Виола Васильевна. Здесь. Постоянно.

— Ты не можешь этого сделать, — прошептала она. — Лике некуда идти. Она после развода...

— А мне какое дело до её развода? — Денис полез в холодильник, достал пиво. Щёлкнула крышка. — Мама одна живёт, ей тяжело. А тут — две комнаты пустые стоят.

Катя хотела крикнуть, что комнаты не пустые, что в одной живёт Лика, а вторая — для гостей, для их будущего ребёнка, о котором они мечтали. Но слова застряли где-то в горле, противные и колючие.

Денис ушёл в зал, включил телевизор на полную громкость. Футбол. Всегда этот чертов футбол, когда ему не хотелось разговаривать.

На следующий день Катя сбежала из дома ещё до того, как Денис проснулся. Накинула куртку, схватила сумку и помчалась к метро. Город встретил её серым ноябрьским небом и мелким дождём, который противно сёк по лицу. В вагоне было душно и пахло чужими людьми — мокрой одеждой, дешёвыми духами и усталостью.

Тётя Галя жила на другом конце Москвы, в старой хрущёвке, где лифт не работал уже лет десять. Катя поднималась на пятый этаж, считая ступени и пытаясь унять дрожь в руках. Восемьдесят три ступени. Она запомнила это ещё в детстве, когда они с Ликой приезжали сюда на каникулы.

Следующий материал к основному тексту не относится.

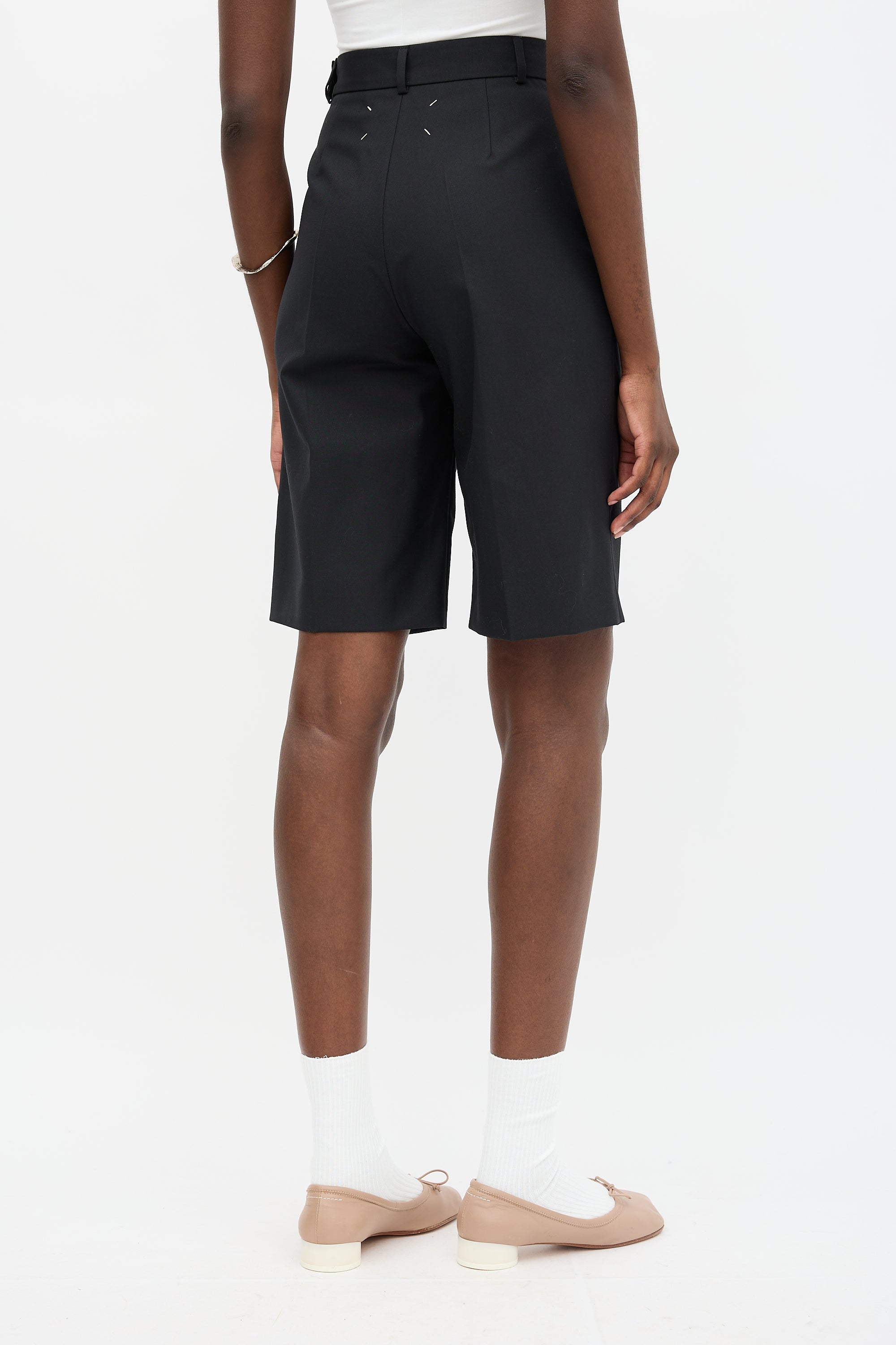 Pre-owned Maison Margiela black cropped trousers featuring high waist, front pleats, two front double welt pockets, signature four white stitches at back waist, and concealed side zip.

— Катюха! — тётя Галя распахнула дверь раньше, чем Катя успела нажать на звонок. Маленькая, круглая, в вечном цветастом халате. — Входи скорее, что мокнешь!

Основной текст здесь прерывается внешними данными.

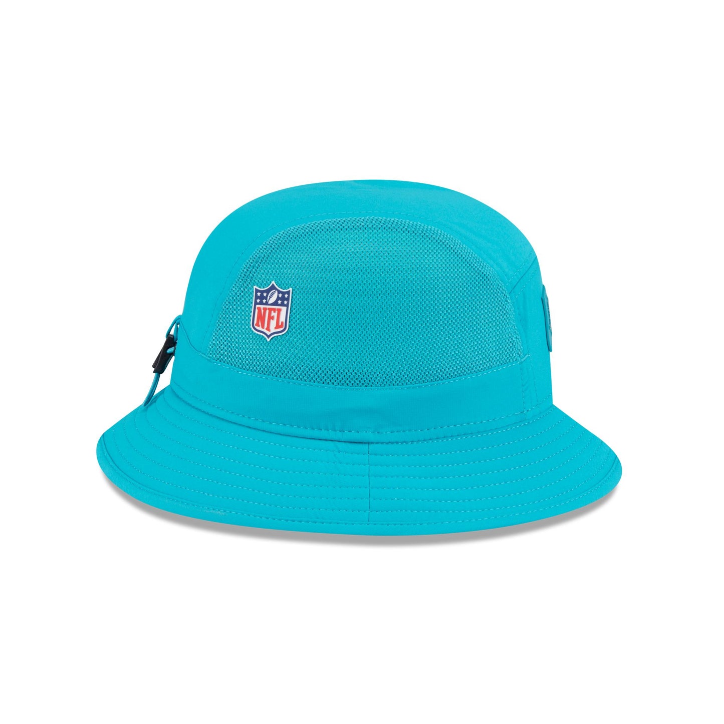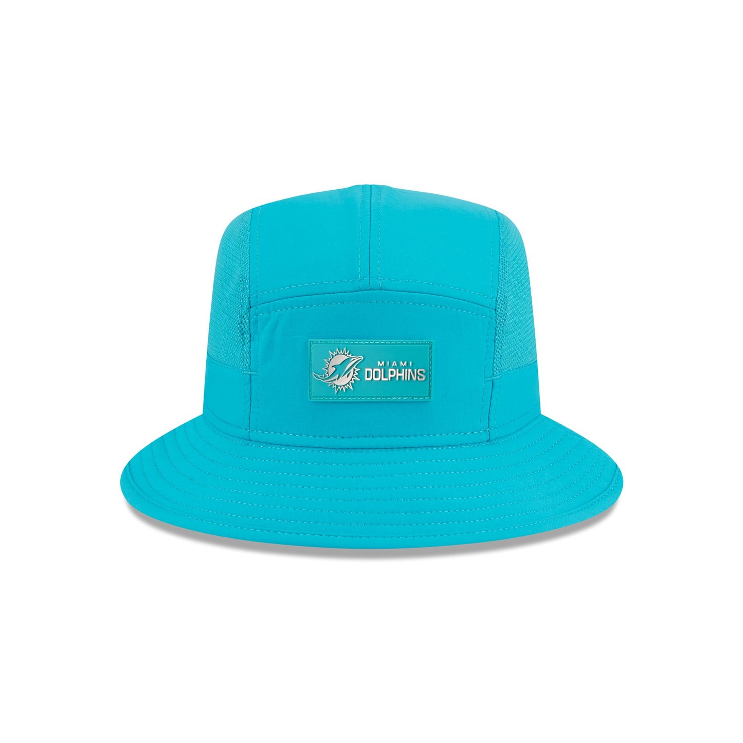 The Miami Dolphins 2025 Sideline Hot Weather Bucket Hat features a sewn-down silicone Dolphins logo patch at the front with the Official NFL Shield logo at the right-wear side. Additional details include breathable mesh side panels and an adjustable reflective drawstring at the rear.

Квартира встретила запахом свежей выпечки и какой-то особенной, уютной теплоты, которой так не хватало дома.

— Чай? Кофе? — тётя Галя уже хлопотала у плиты. — Или сразу к делу? Вижу же — не просто так приехала.

Катя села на продавленный стул, и вдруг всё, что она держала в себе эти недели, полилось наружу. Она говорила и говорила — про Дениса, про Виолу Васильевну, про то, как её собственная жизнь превратилась в какое-то существование на птичьих правах. Говорила про Лику, которая после скандального развода с мужем-тираном только начала приходить в себя, а тут снова надо куда-то бежать.

— И знаешь, что самое страшное? — Катя обхватила горячую кружку ладонями. — Я стала бояться его. Своего мужа. Боюсь, что скажу что-то не то, сделаю что-то не так. Хожу по квартире, как чужая.

Тётя Галя молчала, только качала головой. Потом встала, подошла, обняла Катю за плечи — крепко, по-настоящему.

— Ты помнишь своего отца? — неожиданно спросила она. — Как он с мамой разговаривал?

— Помню, — Катя сглотнула. — Он никогда не кричал. Всегда спрашивал её мнение.

— Вот видишь. А теперь посмотри, что ты терпишь. — Голос тёти Гали стал жёстче. — Твой Денис не просто кричит. Он тебя стирает. Понимаешь? День за днём делает так, чтобы ты забыла, кто ты есть на самом деле.

Слова эти упали в тишину кухни и повисли там, тяжёлые и правдивые. Катя знала это. Конечно, знала. Но слышать вслух — это было совсем другое.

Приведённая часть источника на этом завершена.